If the Item values are not consistent, it may be prudent to go through the values and map them to a consistent naming system. In the case of the brewery sales data, I mapped them to groups of Draft, Can, Keg, Flight, Merchandise, Food, or Other for **'product_type'** or to names of specific beers for **'beer_style'** (i.e. IPA 12oz., IPA Can, IPA - Keg and IPA 16oz. all map to IPA). 

In [2]:
import ast
def read_text_file(file_path):
    with open(file_path, "r") as file:
        content = file.read()
    return content
file_path_style = "data/style_dict.txt"
file_content_style = read_text_file(file_path_style)
style_dict = ast.literal_eval(file_content_style)

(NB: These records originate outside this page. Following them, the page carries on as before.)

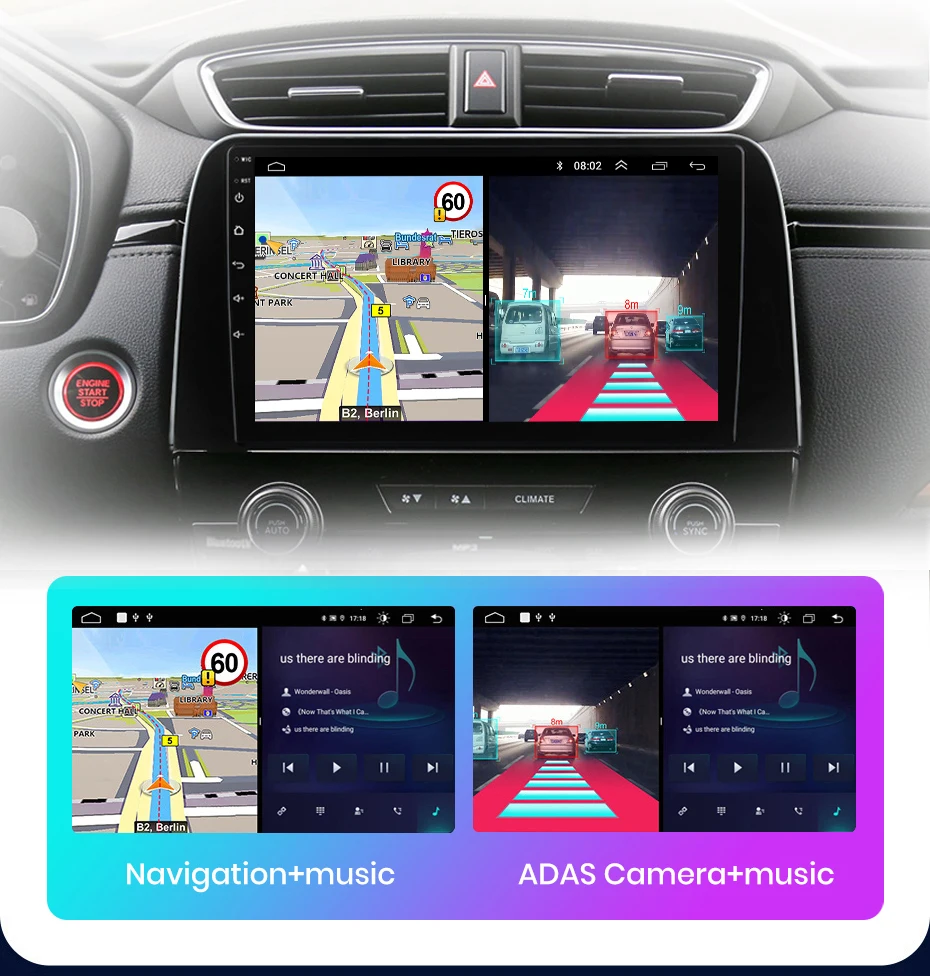 Вы можете использовать навигацию и другие приложения одновременно, такие как прослушивание музыки или включение функций ADAS и т. Д.
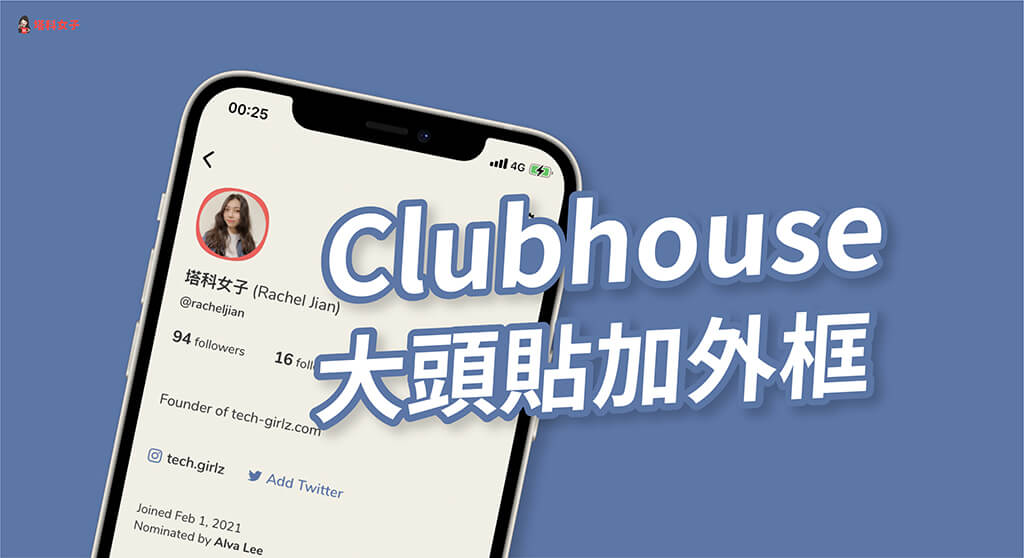 另外也歡迎大家追蹤我的 Clubhouse 帳號:@racheljian (或搜尋「塔科女子」)
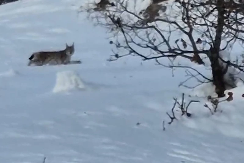 Vaşağı gören vatandaşlar, nadir görülen bu yaban hayvanını cep telefonlarıyla kaydetti.  (İLKHA)
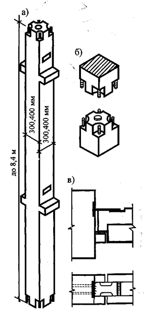 Колонна каркаса многоэтажных зданий: а – общий вид колонны длиной на два этажа; б – стык элементов; в – стык колонны с ригелем
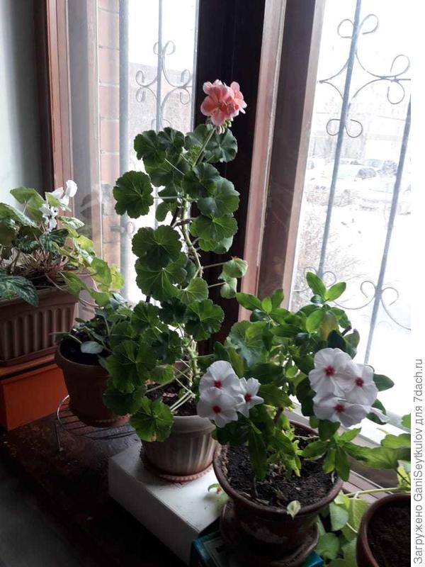 2 — пеларгония зональная (герань) и катарантус (барвинок розовый).
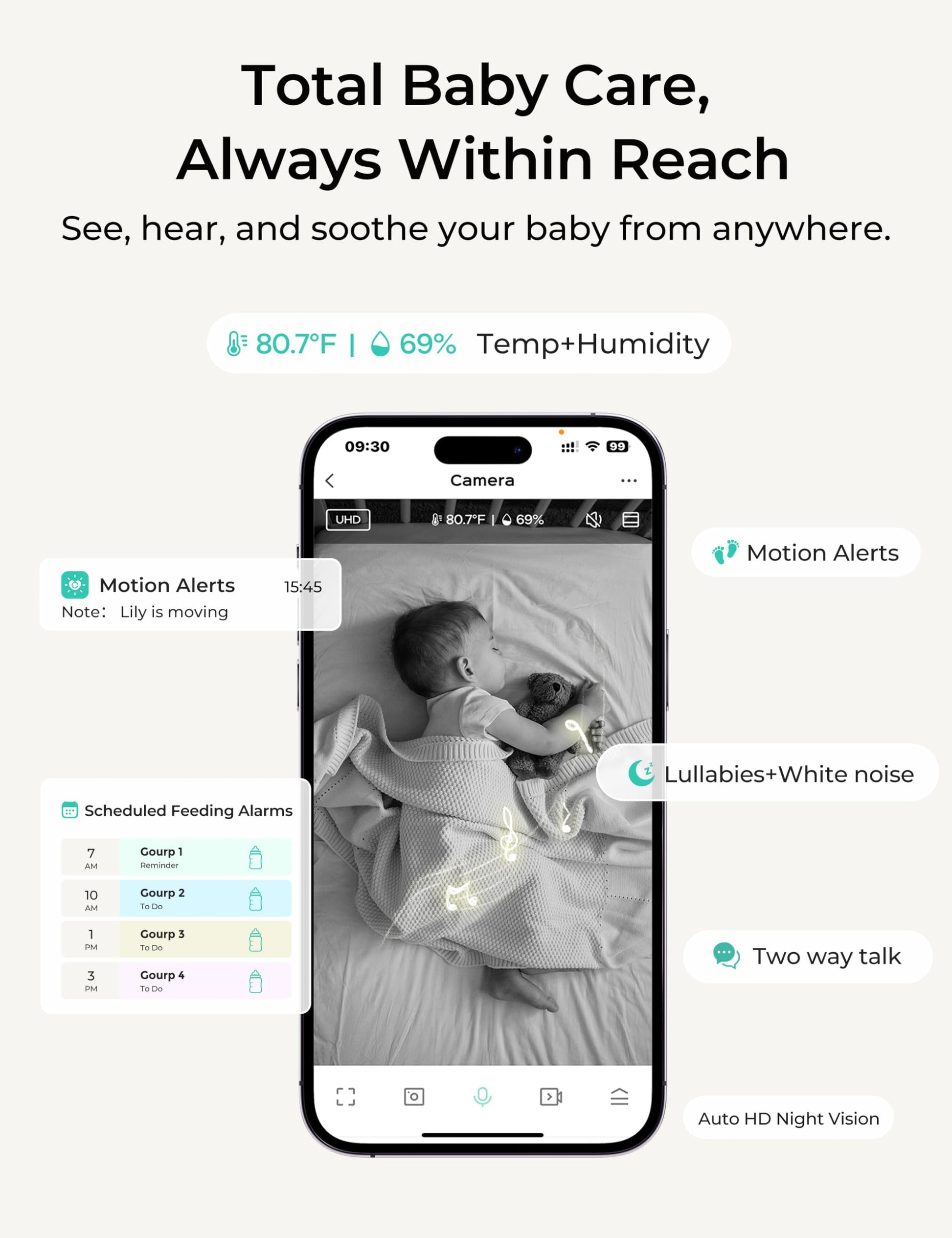 - Q: Can I control the baby monitor through a mobile app? A: Yes, the baby monitor allows for app control, enabling you to monitor your baby through your mobile device.
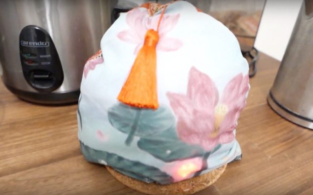 La física y diseñadora de moda tecnológica Kitty Yeung cosió y conectó este acogedor temporizador con sensor de temperatura para preparar té, codificando el nuevo micro:bit V2 en Make:Code.

file_path_product = "data/product_dict.txt"
file_content_product = read_text_file(file_path_product)
product_dict = ast.literal_eval(file_content_product)

sales_data['beer_style'] = sales_data['Item'].map(style_dict)
sales_data['product_type'] = sales_data['Item'].map(product_dict)

In [3]:
monetary_columns = ['Gross Sales', 'Discounts', 'Net Sales', 'Tax']
for col in monetary_columns:
    sales_data[col] = sales_data[col].str.replace('[$,]', '', regex=True)
    sales_data[col] = sales_data[col].astype('float')
    sales_data[col] = np.round(sales_data[col], decimals = 2)

In [4]:
#changing applicable columns to datetime
sales_data['Date'] = pd.to_datetime(sales_data['Date'])
sales_data['Time'] = pd.to_datetime(sales_data['Time'])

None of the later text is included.